She was always special, you know those students when you have them, earnest yet joyful, engaged and interested, smart and kind. A colleague of mine once said, “The truth about Brigit, and students like her, is that they really don’t need us; we need them.”And I have never forgotten that. A middle-school miracle among my eighth grade charges, shining on those around her, and making them shine, too.
And that glow of knowing continued growing. In her senior year as a student at a selective high school, she chose to complete her senior project with me. She committed to four days a week, four hours each morning, working with my latest crop of eighth graders on a technology integration project. But she did so much more than that! I was to be her mentor; in fact, the learning was reciprocal.

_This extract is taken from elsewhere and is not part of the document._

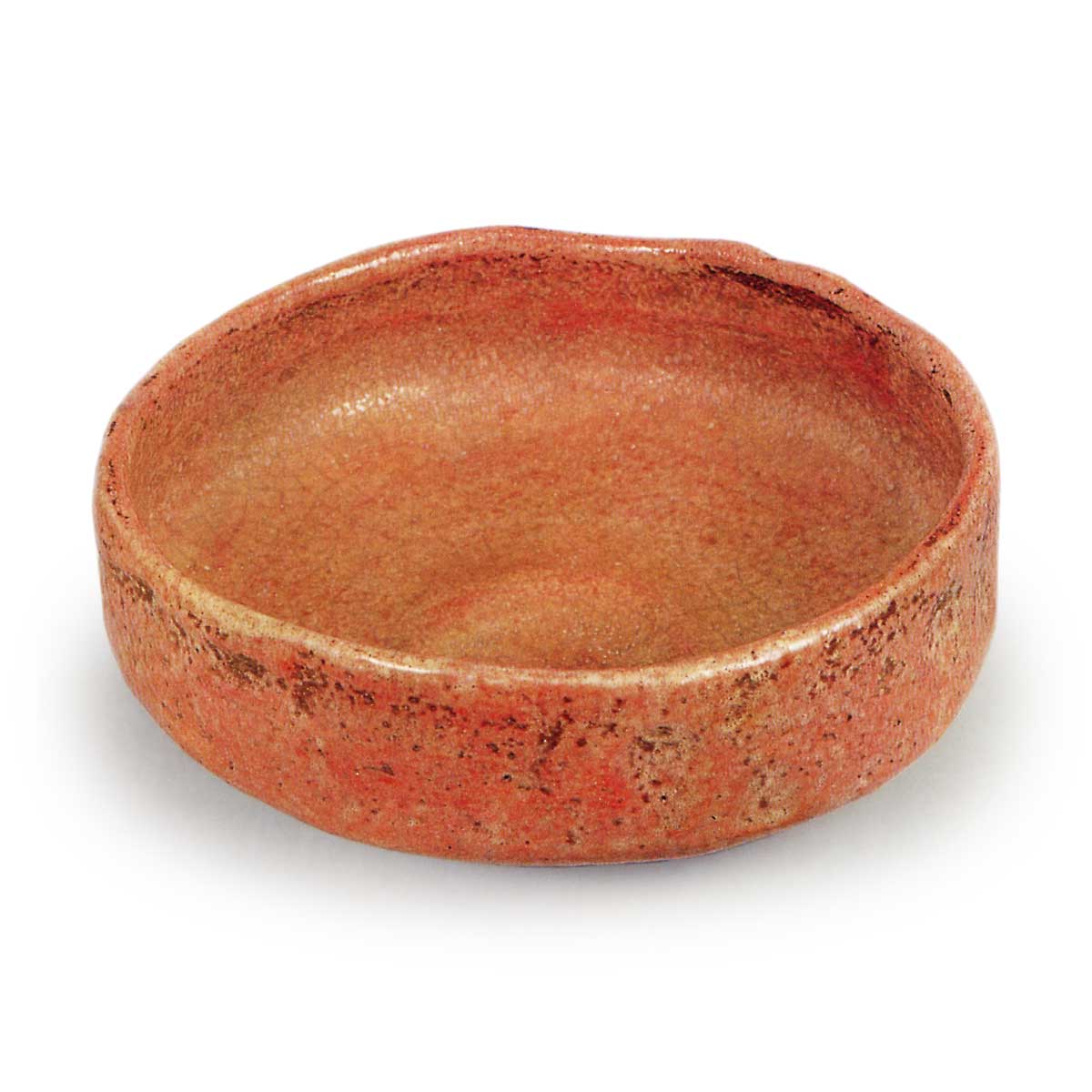 The bowl tapers slightly inward from the waist to the rim, features a stepped interior, and has a gently undulating rim. The foot is small and compact, with a distinct tomoe-shaped hood pattern carved inside; the carving around the foot is somewhat deep, and four flat grooves are carved from the edge of the foot to the waist. A clear, circular tea pool is carved into the wide interior. This is a tea bowl with a well-balanced composition. Although Sairyu was apparently skilled at imitating Kōetsu, this piece alone suggests he possessed considerable technical skill. It features Sairyu’s distinctive red raku style; the white glaze applied over the ochre base is somewhat thick, and the glazed surface appears as if a white haze has settled over the red ground. Raku tea bowls housed in their original boxes—especially those bearing inscriptions by the head of the school from the same era—are highly prized; in this sense, this piece can be considered a quintessential example of such a set.
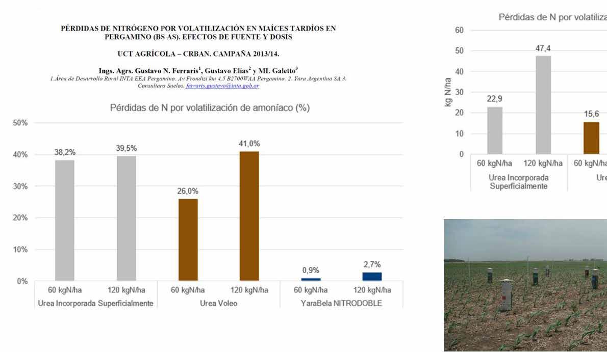en diferentes cultivos y condiciones de aplicación de los fertilizantes. Los resultados muestran cómo utilizando fuentes eficientes se puede lograr disminuir las pérdidas de volatilización; resultando en un aumento de eficiencia del uso de los fertilizantes nitrogenados y logrando asimismo una ventaja ambiental y económica.

She became a working member of our teaching team, and the kids loved her. We were participating in the National Writing Project’s collaboration with Google in their “Letters to the President.” The enterprise demanded a lot of preparation and conferring while students worked as writers with a true purpose and audience. Naturally Brigit added to our technology knowledge, but more than that, she engaged with these student writers, and students who once eschewed writing, changed. She nudged them gently toward expertise.
On her final day with us, the project successfully completed and her time with us over, we met on the rug for cake and conversation, a parting “chalk talk,” and she invited them to ask questions. “So are you going to college to be a teacher?”
“Oh, no, ” Brigit replied. “I’m not going to be a teacher.”
Puzzled the young man continued, “Then why did you come here to be with us for your school project?”
“I learned to write in this room. That’s why I came,” she replied without hesitation.
She didn’t look up at me; her eyes remained on the student—it was a matter-of-fact statement, and one that is hardly the truth—but if she had have, she’d have seen a light there that has burned brightly ever since.
This is not my only Brigit story. New stories arise as she, a now-thirty-year old, continues to include me in her life. Today she and her husband(!) and I are hiking during their visit from New Jersey to Oregon. Maybe I’ll have a new chapter to share next Tuesday.